Sean Gallagher and Andrew Brandt, senior threat researcher at Sophos, wrote about their research in a blog post, and said: “The greatest percentage of the malware we found have a focus on credential and personal information theft, a wide variety of stealer malware as well as more versatile RATs. The threat actors behind these operations employed social engineering to spread credential-stealing malware, then use the victims’ harvested Discord credentials to target additional Discord users.

“We also encountered several ransomware families hosted in the Discord CDN—largely older ones, usable only to cause harm, as there’s no longer a way to pay the ransom. Files hosted on Discord also included multiple Android malware packages, ranging from spyware to fake apps that steal financial information or transactions.”

Discord’s vast user base also provides an ideal environment for stealing personal information and credentials through social engineering.

“Discord offers a permanent, highly available and global distribution network for malware operators, as well as a messaging system that criminals can easily convert into command and control channels for their illegal activities. Its huge user base provides an ideal environment for social engineering to steal personal and login information,” Gallagher and Brandt added in their blog.

“These scams are not harmless – we found one malware that can steal private images from the camera on an infected device, as well as ransomware from 2006 that the attackers have resurrected to use as ‘mischiefware’. The mischiefware denies victims access to their data, but there’s no ransom demand and no decryption key.

“Further, adversaries have caught on that companies increasingly use the Discord platform for internal or community chat in the same way they might use a channel like Slack. This provides attackers with a new and potentially lucrative target audience, especially when security teams can’t always inspect the Transport Layer Security-encrypted traffic to and from Discord to see what’s going on and raise the alarm if needed.”

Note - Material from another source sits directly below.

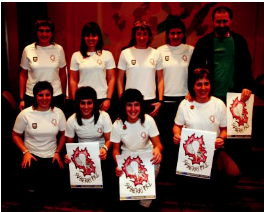
Su-Berri pilota elkarteko ordezkarriak, herengun eginiko aurkezpenean; orain arte bederatzik emakume federatu dira.
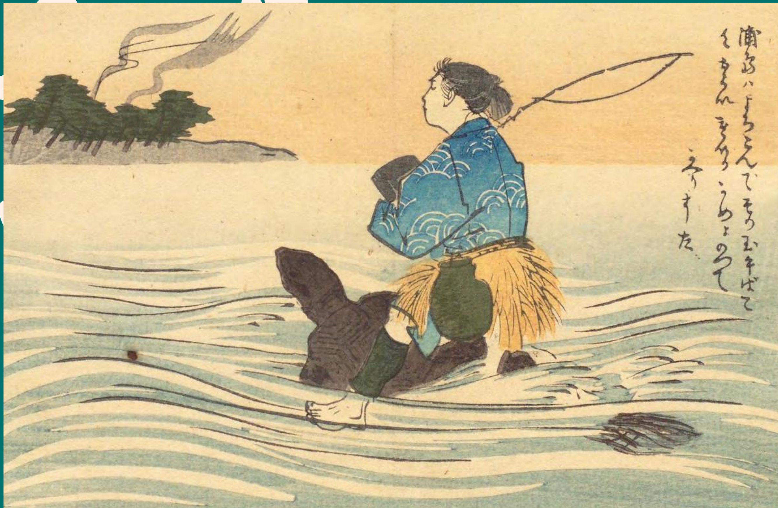
Urashima rentre chez lui sur le dos de la tortue, Matsushita Heikichi, 1899

Sophos recommended that organisations using Discord for workplace chat and collaboration use multi-factor authentication (MFA) to protect employees’ Discord accounts and ensure that all employees have up-to-date malware protection on any computer they use to access remote collaboration platforms for work-related projects.

Sophos Intercept X protects business users by detecting the actions and behaviors of malware, while Sophos Firewall inspects encrypted Transport Layer Security (TLS) traffic.

Sophos also advised that consumers should install security solutions like Sophos Home on the devices they and their families use for online communications and gaming.